Domanda: La denuncia di Gros Pietro mette in luce un dato oggettivo: l’innovazione di prodotto che è stata per l’Italia fonte di successo e di crescita non basta per reggere la competitività a livello globale. E’ dunque il paradigma della crescita che deve cambiare?
E’ quasi impossibile avviare un’attività di formazione adeguata ai meccanismi che presiedono i processi decisionali del top management, se l’attività di studio non è agganciata alla ricerca scientifica, che è sicuramente il primo volano dell’innovazione. Il processo di obsolescenza, che investe inesorabilmente le tecnologie, coinvolge la formazione con una velocità sconosciuta in altre epoche.

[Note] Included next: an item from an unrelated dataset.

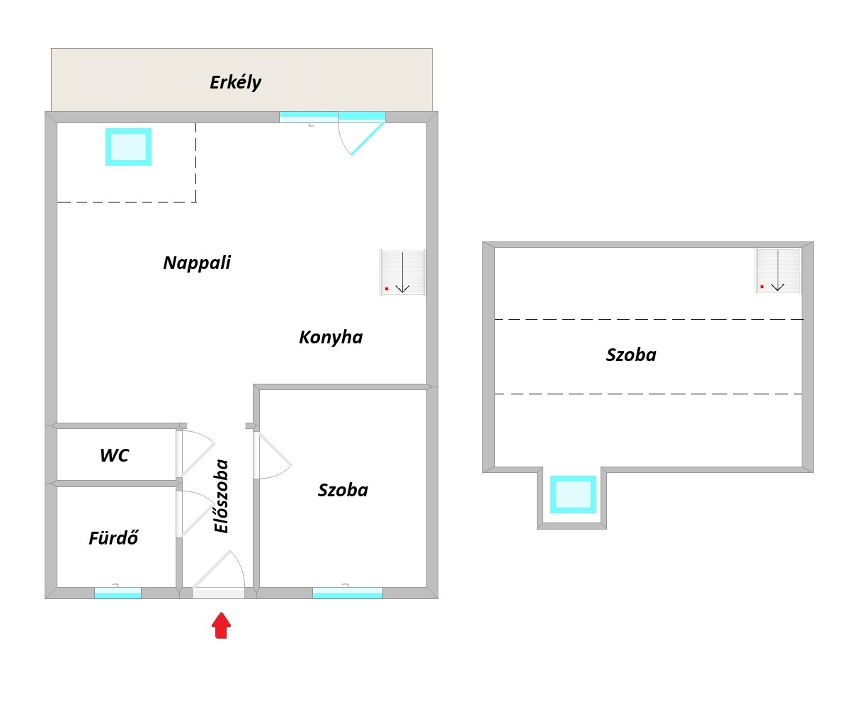 Az ingatlan alsó szintje 48 m² alapterületű, amelyhez egy 5 m²-es erkély kapcsolódik. Az elrendezés praktikus és jól élhető: amerikai konyhás nappali, külön hálószoba, fürdőszoba, külön wc, valamint előszoba került kialakításra. a nappali és az erkély kapcsolata kellemes, világos életteret biztosít, ideális mindennapi pihenéshez.
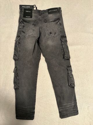 Pantalón vaquero de corte cargo con un acabado desgastado. - Diseño con múltiples bolsillos. - Estilo moderno y urbano. - Estado como nuevo.

Alcuni esempi storici ci dicono che anche le posizioni più consolidate possono sgretolarsi. Nell’Ottocento era l’Inghilterra il paese leader, era stato protagonista della prima rivoluzione industriale. Dopo il primo conflitto mondiale comincia l’ascesa inarrestabile dell’America, si impone una diversa filosofia e una diversa organizzazione del lavoro. Sta avvenendo la stessa cosa, nell’universo della net economy. Paesi come la Cina stanno avanzando, non solo per il basso costo della mano d’opera come molti credono, ma piuttosto per la capacità che queste realtà stanno dimostrando di sapere investire in formazione, know-how, conoscenza. Il capitale delle idee, il capitale intellettuale è velocissimo nei suoi spostamenti. Il formatore deve intercettare questi spostamenti, decodificarli, traducendo i segni del cambiamento, in significati chiari per il management, che si misura giornalmente con le insidie del mercato.
Domanda: In una società complessa alla ricerca costante di nuovi equilibri, dominata dall’incertezza e dal conflitto tra global e local, tra identità e differenza, quali modelli di formazione possono risultare vincenti?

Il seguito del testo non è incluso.